Henry’s example evidently influenced his son. Abe was a large man with a bearing, voice, attitude and wisdom that brought him respect and credibility. On one occasion he and Florence and several friends were in a restaurant. Abe’s attention was drawn to a family at a nearby table. The children were well behaved, but the parents faces revealed tension. Troubled by this, Abe got up and approached the family.
“I just want to tell you,” he said in his deep, gentle voice, “ I’ve been observing your children. I see they are respectful and well behaved. You must be very good parents.” Surprised, the couple looked up at the big man who had unexpectedly appeared at their table. The tension in their faces eased, and their bodies relaxed. They smiled and the man said, “thanks for your encouraging words.
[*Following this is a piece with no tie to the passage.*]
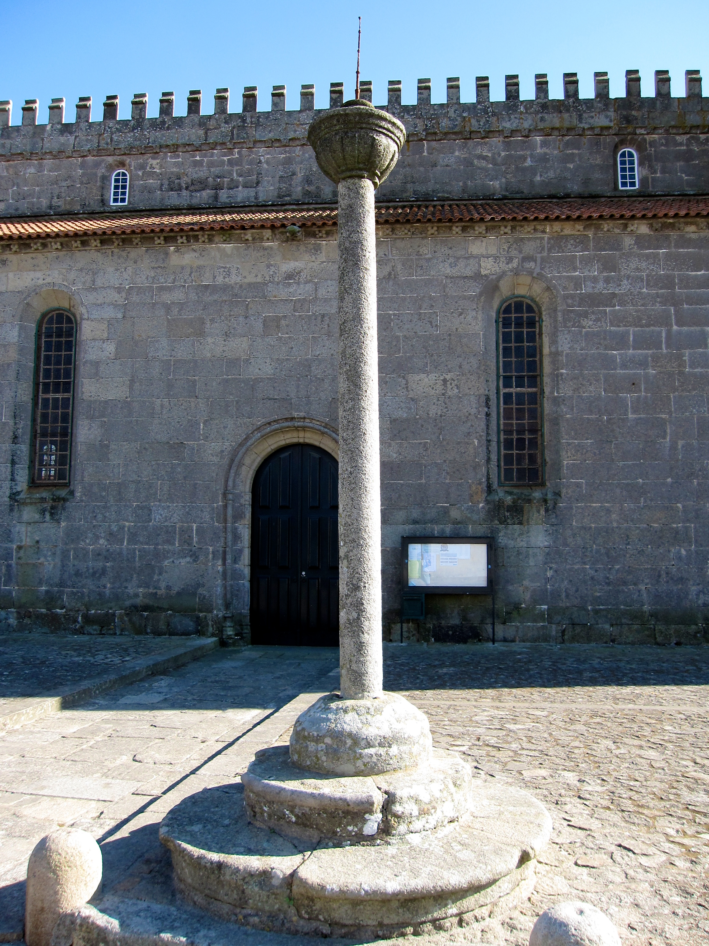 This file was uploaded for Wiki Loves Monuments in Portugal with the unique identifier 74377.

It’s good to hear we’re doing something right.”
When the husband of their daughter Marlys walked out of the marriage and family, Abe and Florence sold their condo and moved in with her. She needed to work to support her family. The children were young and she couldn’t leave them alone. Financially, selling their home was a sacrifice, since it took them out of a rising real estate market. For them, the investment in family was more important.
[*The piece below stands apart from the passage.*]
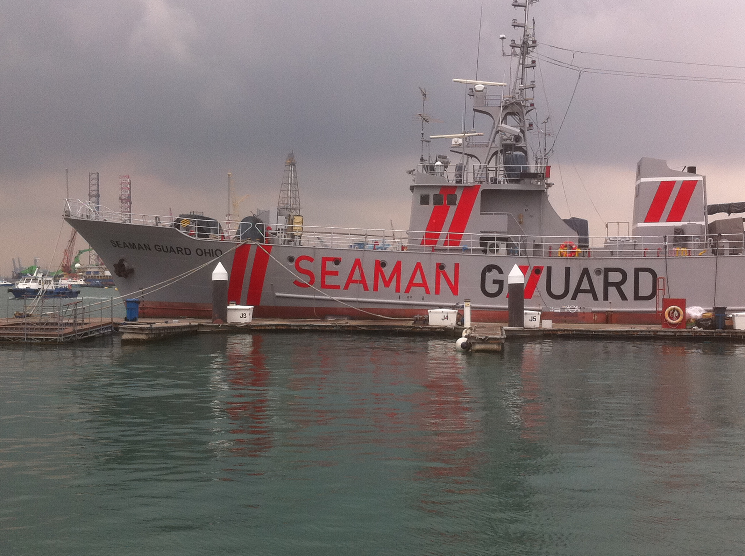 Maritime security provider

When Marlys was about to get married again, her fiance Ron recognized and valued what her parents had done. He felt deeply impressed. He said to Marlys, “your parents really stepped up to
the plate in a big way when you needed their help. I’d like to do something to thank them. Let’s take them along on our honeymoon cruise.” Surprised, she agreed. Since then she has said to Ron several times, “I still can’t believe we took my parents along on our honeymoon.” It was a pretty unique and impressive way of saying “thanks Mom and Dad.”
Ron has since continued this pattern of thinking positively and blessing people. Recently he and Jim, a co-worker, walked across the street to a casino during their lunch break from work. Ron’s idea was to have lunch and also a little fun. For him the “little fun” resulted in winning $70. Jim lost $60. Ron bought lunch, costing $10. He wanted to give the remaining money to Jim. He knew, though, he wouldn’t take it. Handing the money to Jim, he asked him to hold it for a minute. Then he said, “we went here for lunch and to have some fun. Our idea wasn’t to earn money. We do that on the job. Today I won $70 and bought lunch for both of us. Now I still have the $60 left, which I really don’t need. You lost $60. If I give you my $60, we will have had some fun and a nice lunch, and it hasn’t cost us anything”. Jim accepted this logic and gratefully pocketed the money.
In his roofing business and elsewhere, Henry demonstrated to his son a generous way of dealing with people. Abe and Florence lived by the same principle. They passed it on to their offspring and others. It would be interesting to know how many future generations will be impacted by Henry’s example.